April 11, 2009

The Agony Of Almost

Kenny Perry could kick himself over the way he lost the Masters on Sunday. At least publicly, he refused to do so

Even after Kenny Perry blew his chance to win the Masters on Sunday, he said life could be worse.

Even after Kenny Perry blew his chance to win the Masters on Sunday, he said life could be worse.

AUGUSTA, Ga. -- There are a lot of ways to lose the Masters, as Kenny Perry found out on a heartbreaking final Sunday at Augusta National Golf Club.

He led by two shots on the 17th tee, but bogeyed the last two holes to drop into a three-way playoff with Angel Cabrera and Chad Campbell.

On the 10th hole, the second playoff hole, after Campbell had dropped out, Perry drove left into a grove of trees. Actually, those trees are something else. They are the road to the airport. Cabrera closed out his second major championship with ease, and Perry was left shaking his head, and then shaking the winner's hand.

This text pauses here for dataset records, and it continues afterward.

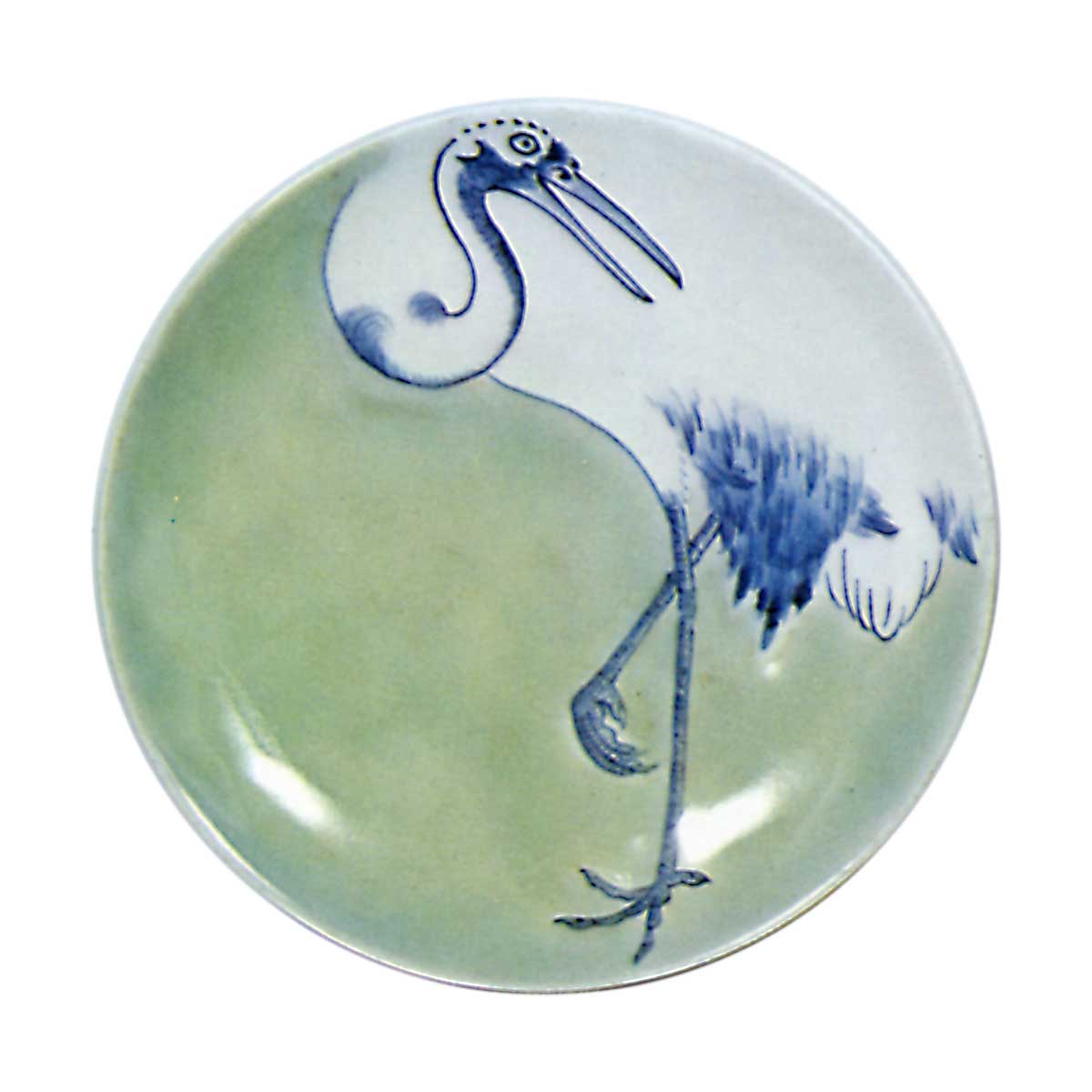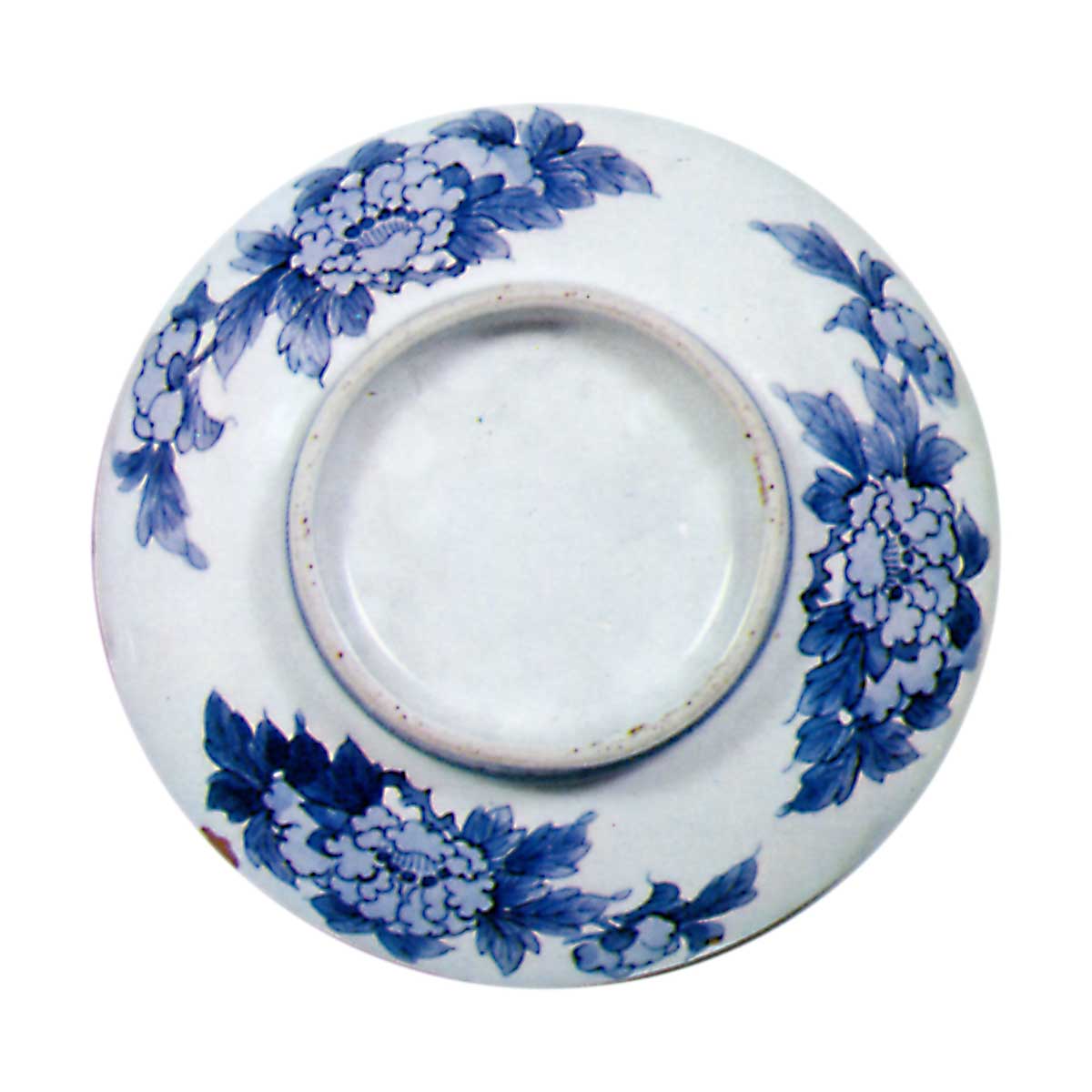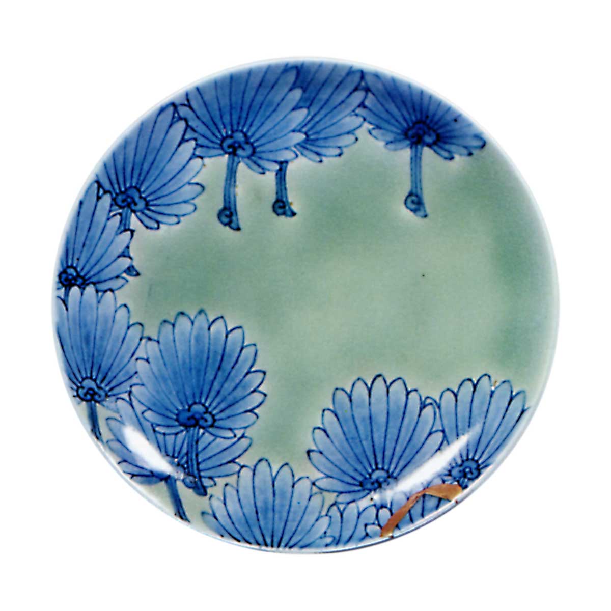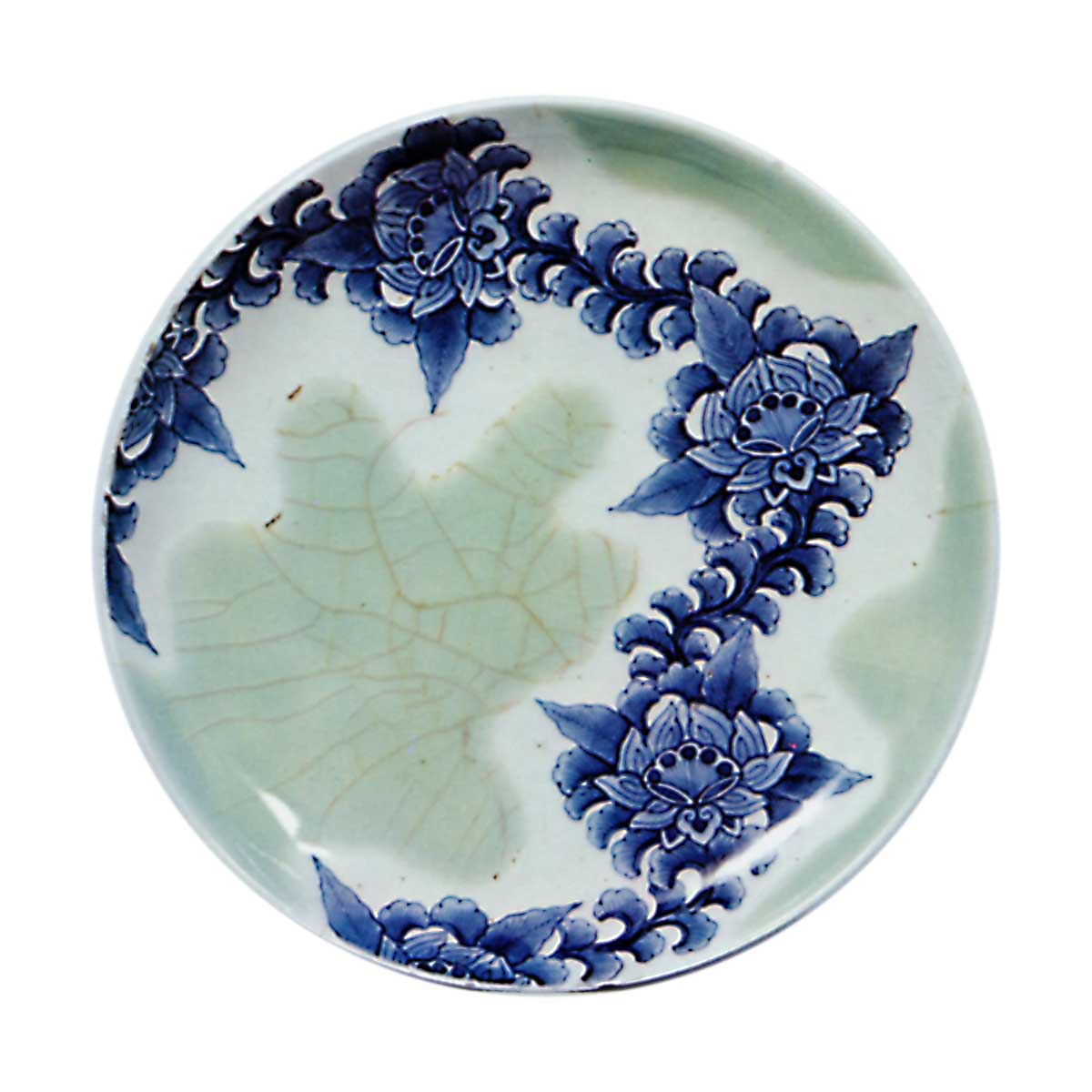 这些是古锅岛样式青瓷染付五寸盘的典型作例,同类作品数量较多。或许因均采用生釉施釉工艺,部分作品存在高台歪斜等问题。染付釉色也略显浓重,青瓷色泽烧制不均,未能呈现大川内窑特有的粉青色调。
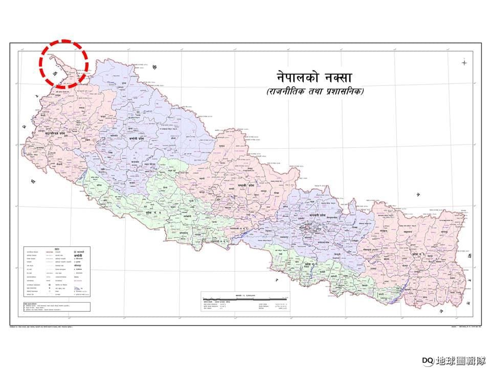 圖為尼泊爾政府公告的新版尼泊爾地圖,左上紅圈處即是尼泊爾與印度爭議領土的大略位置。
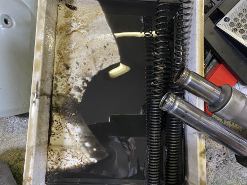 リアサスのグリスアップとフロントフォークのオイル交換をしておきます。
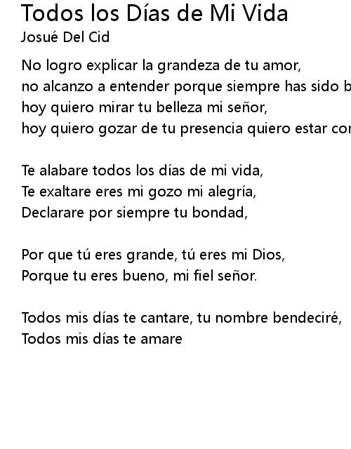 | Te alabare todos los di as de mi vida, | |
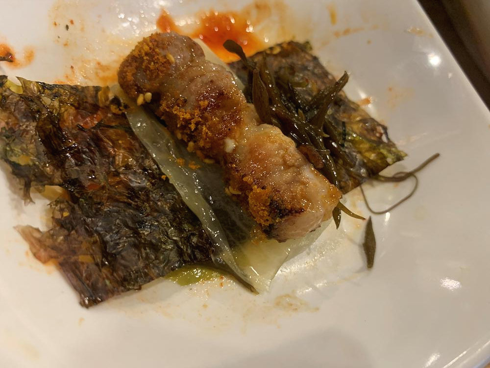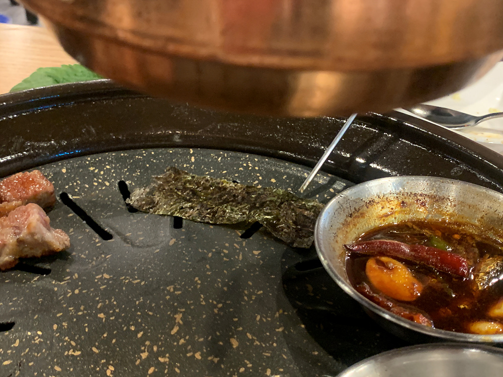 김일도에서 나름 맛있게 먹는 방법은 바로 생 김을 살짝 불판 위에 구워서 한장두고 그 위에 백김치와 해초 그리고 삼겹살에 소스와 와사비를 찍어서 먹는 방법이 개인적으로 가장 맛이 좋았다. 많은 고깃집을 다녀보지만 김을 주는 경우는 흔치 않은데 바삭한 김과 짭짤한 백김치 그리고 씹는 맛이 좋은 해초를 얻어주면 정말 괜찮은 맛을 보여준다.
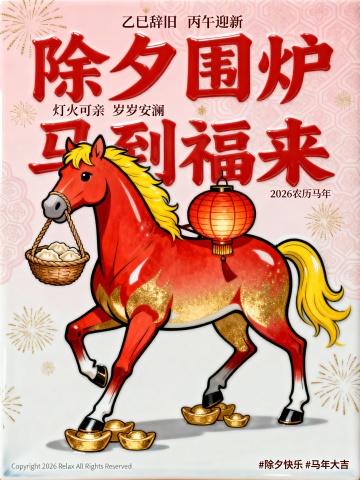 马年瓷板画,红马与童子共庆马年,鎏金文字与雪景交融,烟花绽放,喜庆梦幻。
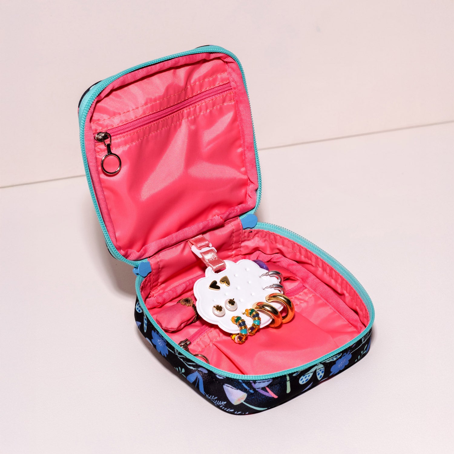 Súper compacto y ligero. Organiza anillos en la almohadilla, aretes en la nube y collares en los bolsillos. Cabe fácil en el bolso o la maleta y no ocupa espacio de más.
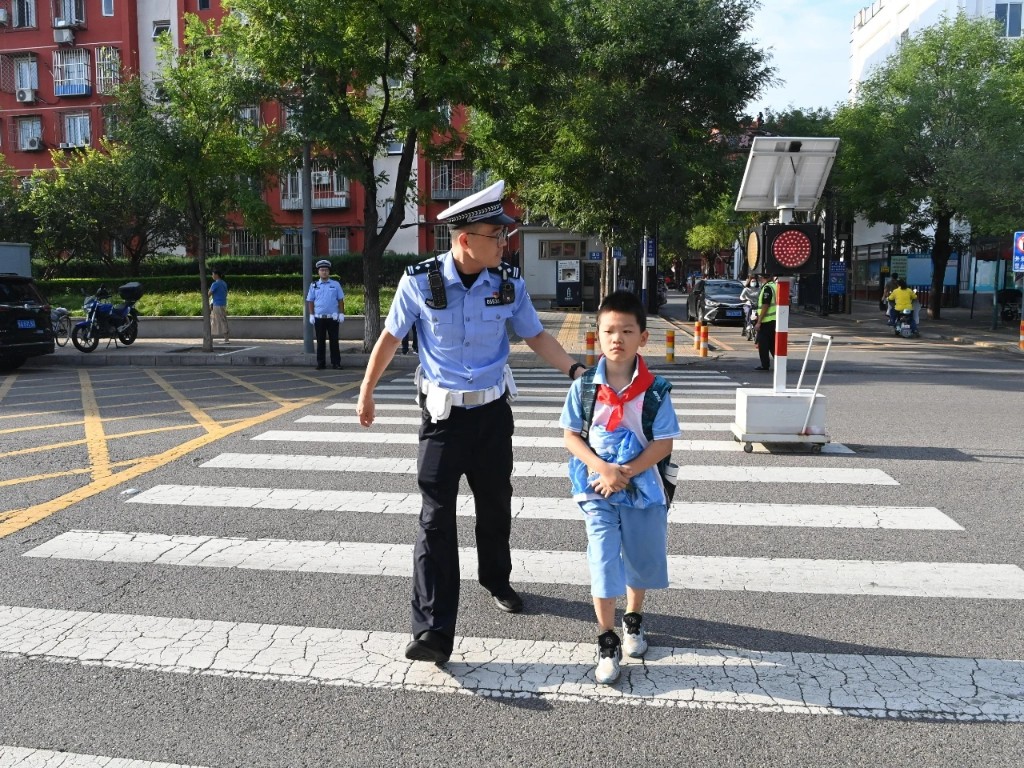 新京报讯(记者吴梦真)9月1日是北京市中小幼开学第一天,北京警方部署充足的护学岗警力,动员校园内外群防群治力量2万余人共同参与校园安保工作。

"It's amazing, I guess," he said.

Perry, 48, could have two major titles, but he's won none. He also lost in a playoff at the 1996 PGA Championship at Valhalla when Mark Brooks beat him.

But Perry said that's simply the way it goes.

"I'll have a lot of memories, when it gets down to these deals, that the great players get the job done and the average players don't. But if this is the worst thing that happens to me in my life, then I'm pretty good."

Perry said his mother has cancer. He said there is more to his life than losing a major, in a playoff, no matter how it happens. He refused to second-guess himself about not holding on to a lead.

"I'm not going there. I'm not going pity-person on me. All I know is all the big stars make it happen. They are where they are and we're down here.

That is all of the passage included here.